Records from a data source:
------------------------------------------------------------------------

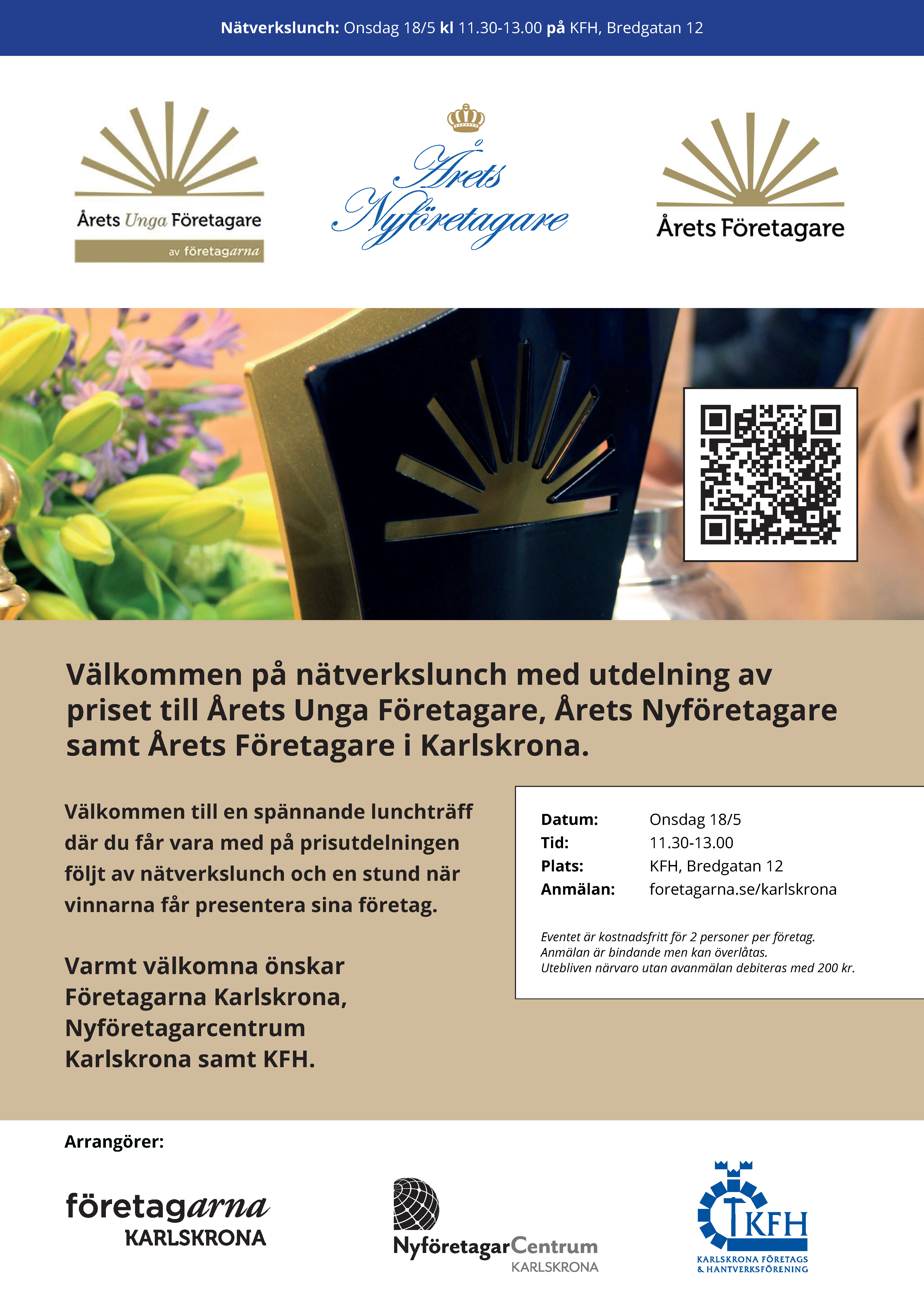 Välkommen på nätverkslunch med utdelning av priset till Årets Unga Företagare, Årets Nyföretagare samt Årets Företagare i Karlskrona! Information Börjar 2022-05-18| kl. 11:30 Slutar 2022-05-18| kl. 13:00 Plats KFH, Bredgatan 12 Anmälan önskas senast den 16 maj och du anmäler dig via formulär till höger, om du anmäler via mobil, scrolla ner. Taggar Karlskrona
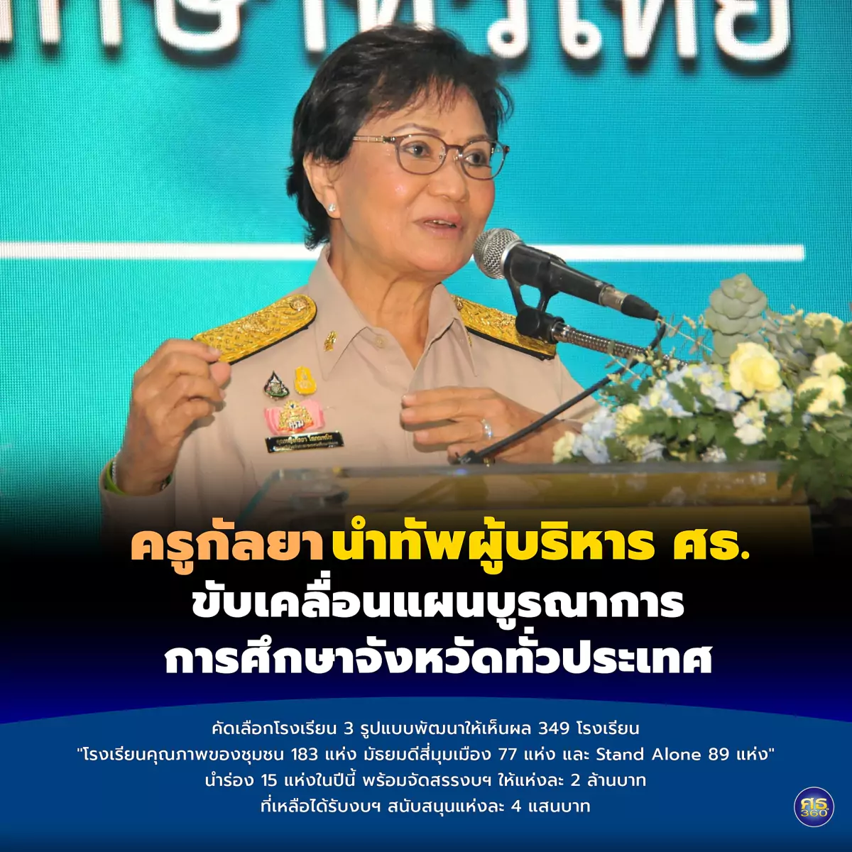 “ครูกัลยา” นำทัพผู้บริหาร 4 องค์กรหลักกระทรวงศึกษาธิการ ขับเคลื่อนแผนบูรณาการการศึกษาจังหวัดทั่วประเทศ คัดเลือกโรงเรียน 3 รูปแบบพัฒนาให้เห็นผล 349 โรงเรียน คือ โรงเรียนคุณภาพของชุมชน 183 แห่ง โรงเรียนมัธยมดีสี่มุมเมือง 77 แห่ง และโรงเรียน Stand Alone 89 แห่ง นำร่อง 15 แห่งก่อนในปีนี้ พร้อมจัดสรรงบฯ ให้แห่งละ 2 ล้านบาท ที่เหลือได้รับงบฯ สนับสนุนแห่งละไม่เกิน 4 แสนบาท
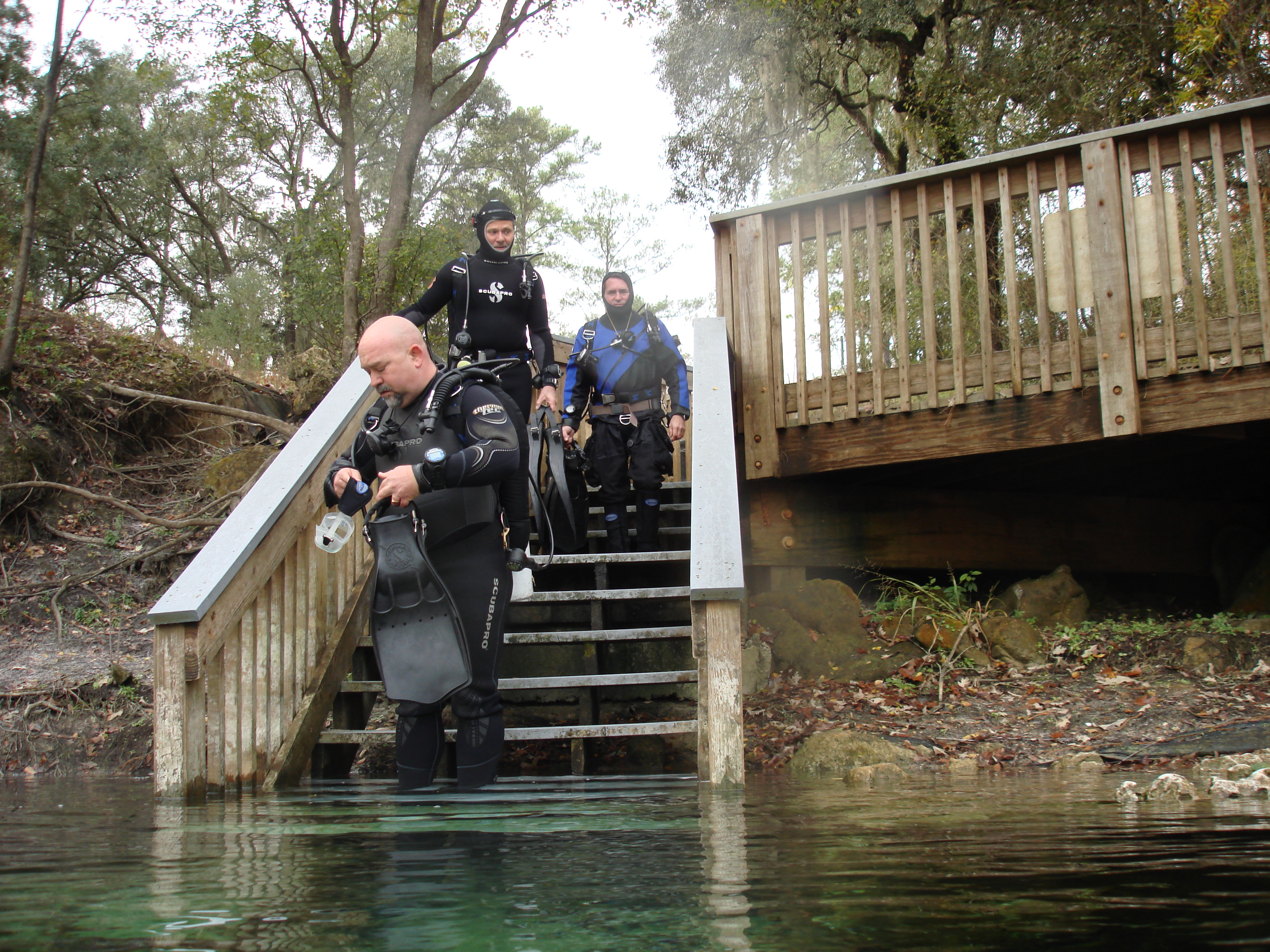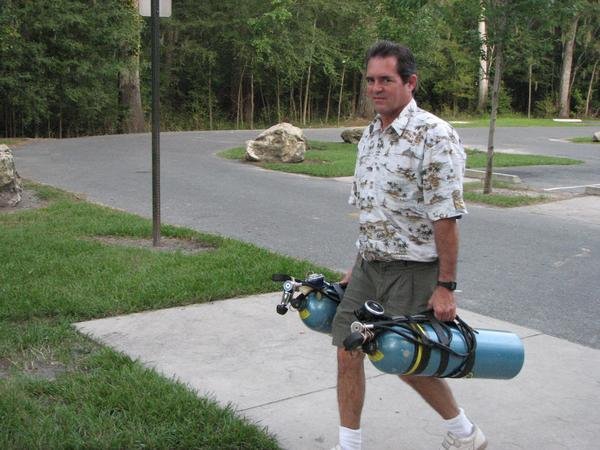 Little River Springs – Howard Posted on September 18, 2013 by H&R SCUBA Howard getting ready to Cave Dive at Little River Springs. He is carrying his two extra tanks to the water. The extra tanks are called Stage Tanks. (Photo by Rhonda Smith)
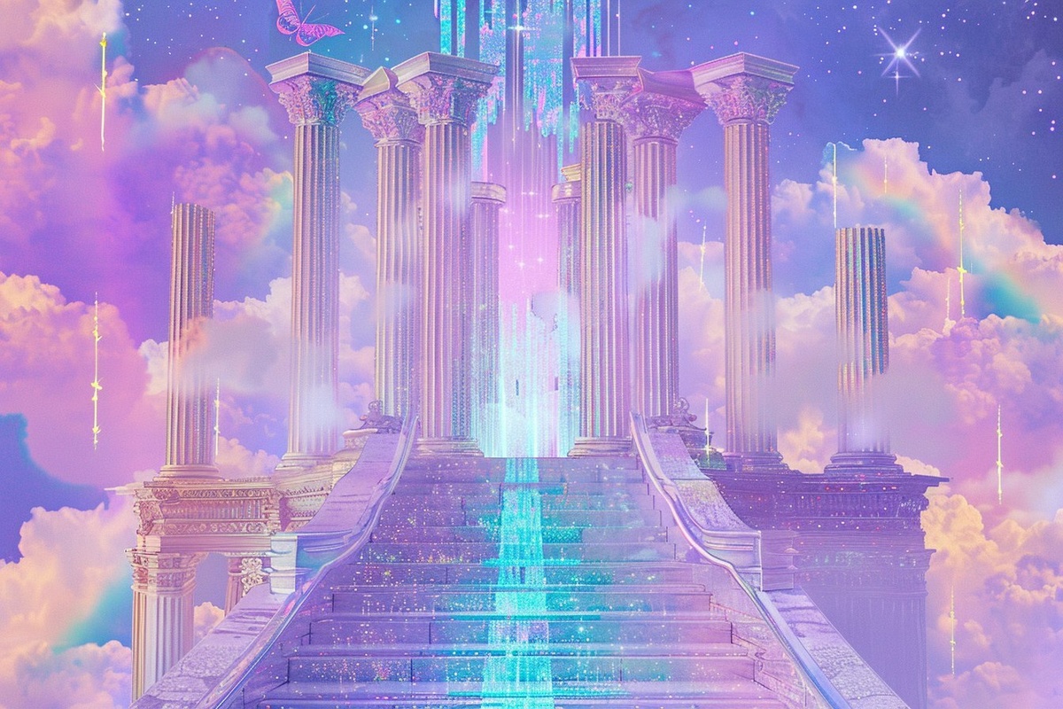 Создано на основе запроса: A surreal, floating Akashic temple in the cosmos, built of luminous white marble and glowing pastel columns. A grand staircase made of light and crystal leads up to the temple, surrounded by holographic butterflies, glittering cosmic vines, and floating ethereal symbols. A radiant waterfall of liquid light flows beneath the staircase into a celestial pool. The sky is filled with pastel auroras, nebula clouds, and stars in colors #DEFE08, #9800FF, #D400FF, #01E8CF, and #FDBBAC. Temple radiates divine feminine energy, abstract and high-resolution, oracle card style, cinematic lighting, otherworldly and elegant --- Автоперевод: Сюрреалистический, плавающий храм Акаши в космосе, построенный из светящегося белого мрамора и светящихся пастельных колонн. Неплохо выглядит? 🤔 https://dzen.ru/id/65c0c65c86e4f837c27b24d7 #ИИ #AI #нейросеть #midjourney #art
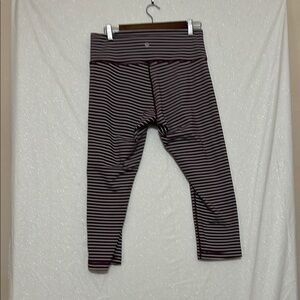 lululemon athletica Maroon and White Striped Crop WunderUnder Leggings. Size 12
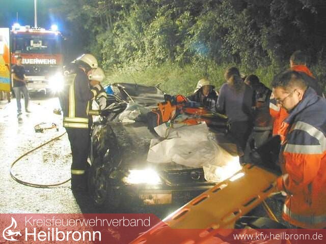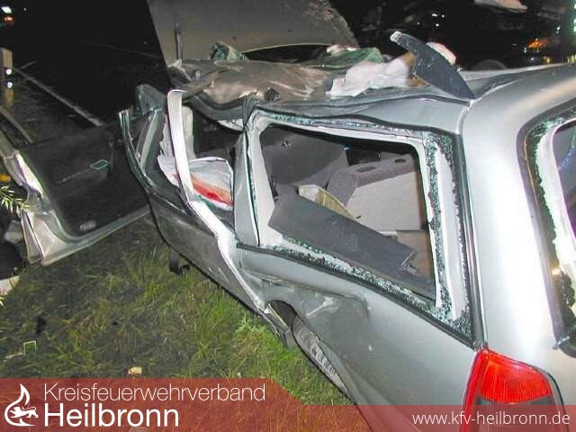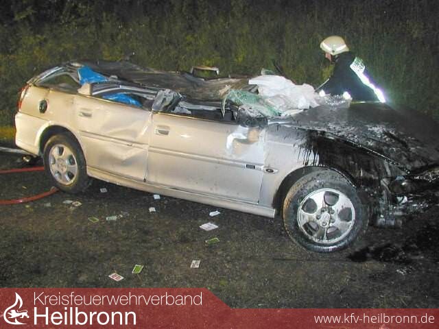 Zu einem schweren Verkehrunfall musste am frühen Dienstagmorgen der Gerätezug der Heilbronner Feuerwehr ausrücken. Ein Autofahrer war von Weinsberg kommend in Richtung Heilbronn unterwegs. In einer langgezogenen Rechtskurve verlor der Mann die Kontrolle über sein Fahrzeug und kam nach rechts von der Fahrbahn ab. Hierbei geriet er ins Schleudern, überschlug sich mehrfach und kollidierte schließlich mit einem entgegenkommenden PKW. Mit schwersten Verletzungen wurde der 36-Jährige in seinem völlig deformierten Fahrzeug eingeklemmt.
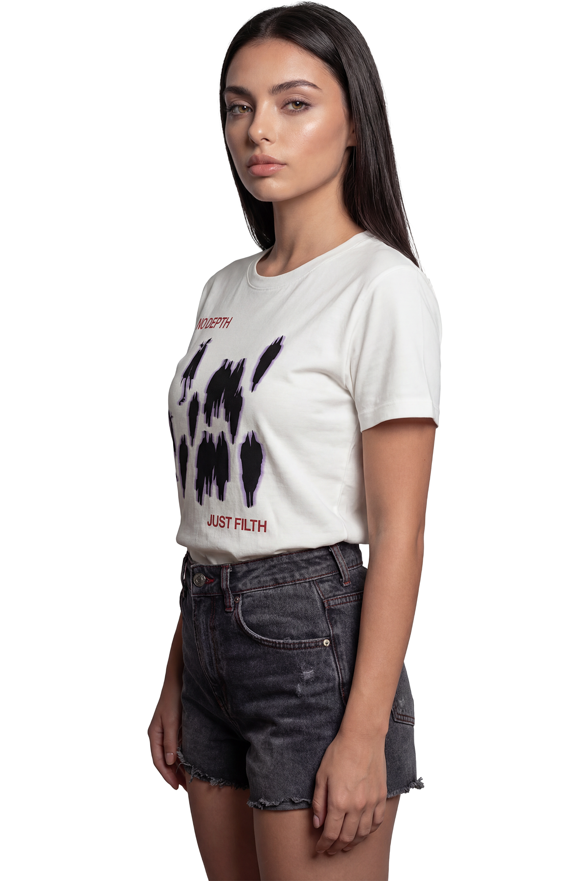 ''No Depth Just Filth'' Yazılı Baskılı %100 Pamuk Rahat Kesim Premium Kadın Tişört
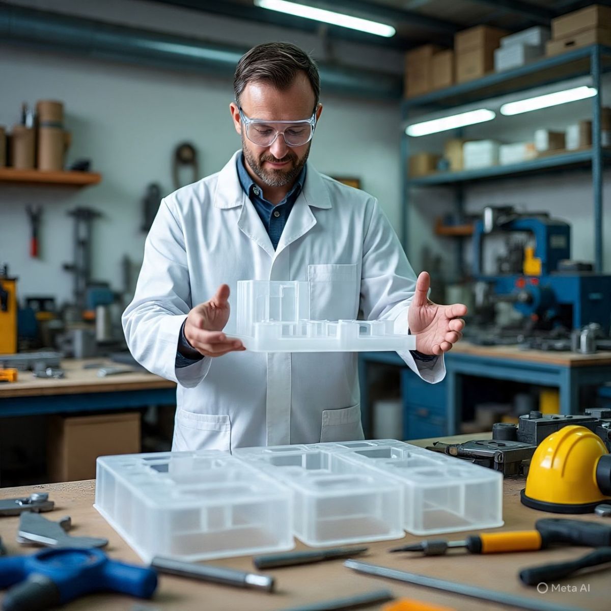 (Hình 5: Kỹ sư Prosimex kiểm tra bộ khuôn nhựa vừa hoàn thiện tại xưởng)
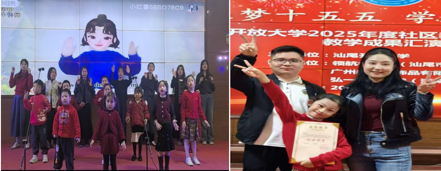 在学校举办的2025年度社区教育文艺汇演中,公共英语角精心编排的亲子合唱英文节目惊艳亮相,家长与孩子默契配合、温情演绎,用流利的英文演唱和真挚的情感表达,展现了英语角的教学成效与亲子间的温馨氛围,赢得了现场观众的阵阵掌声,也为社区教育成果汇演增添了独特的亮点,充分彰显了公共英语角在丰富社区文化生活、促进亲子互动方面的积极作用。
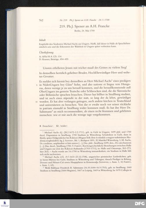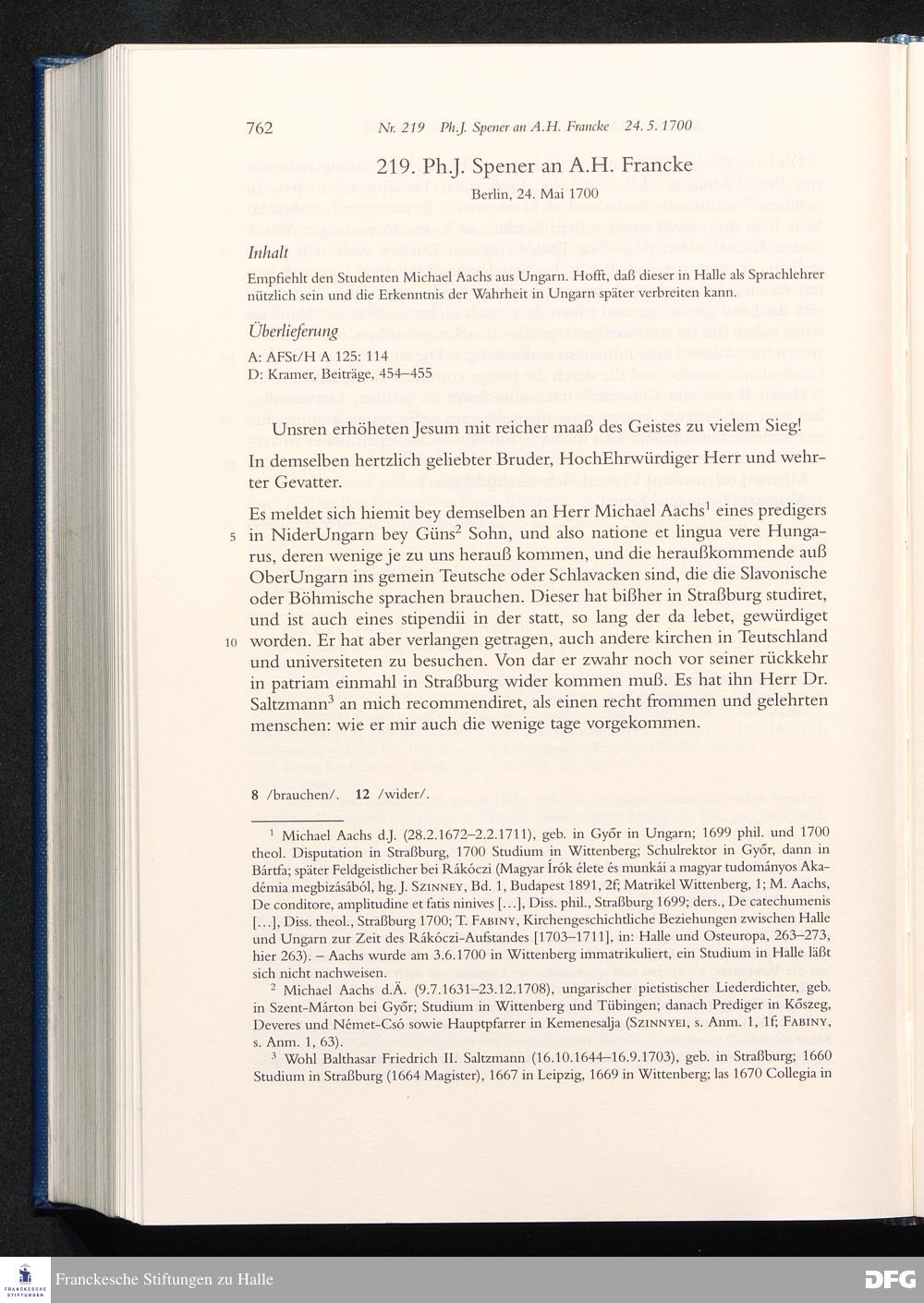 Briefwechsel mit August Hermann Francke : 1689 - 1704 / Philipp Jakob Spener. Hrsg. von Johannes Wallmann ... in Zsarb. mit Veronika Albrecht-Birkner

------------------------------------------------------------------------

Assignment: The line containing "Little River Springs –" marks where the copy ends; print every line before it from the start of the records, and that line too, but no pictures.

Reply to the task:
 Välkommen på nätverkslunch med utdelning av priset till Årets Unga Företagare, Årets Nyföretagare samt Årets Företagare i Karlskrona! Information Börjar 2022-05-18| kl. 11:30 Slutar 2022-05-18| kl. 13:00 Plats KFH, Bredgatan 12 Anmälan önskas senast den 16 maj och du anmäler dig via formulär till höger, om du anmäler via mobil, scrolla ner. Taggar Karlskrona
 “ครูกัลยา” นำทัพผู้บริหาร 4 องค์กรหลักกระทรวงศึกษาธิการ ขับเคลื่อนแผนบูรณาการการศึกษาจังหวัดทั่วประเทศ คัดเลือกโรงเรียน 3 รูปแบบพัฒนาให้เห็นผล 349 โรงเรียน คือ โรงเรียนคุณภาพของชุมชน 183 แห่ง โรงเรียนมัธยมดีสี่มุมเมือง 77 แห่ง และโรงเรียน Stand Alone 89 แห่ง นำร่อง 15 แห่งก่อนในปีนี้ พร้อมจัดสรรงบฯ ให้แห่งละ 2 ล้านบาท ที่เหลือได้รับงบฯ สนับสนุนแห่งละไม่เกิน 4 แสนบาท
 Little River Springs – Howard Posted on September 18, 2013 by H&R SCUBA Howard getting ready to Cave Dive at Little River Springs. He is carrying his two extra tanks to the water. The extra tanks are called Stage Tanks. (Photo by Rhonda Smith)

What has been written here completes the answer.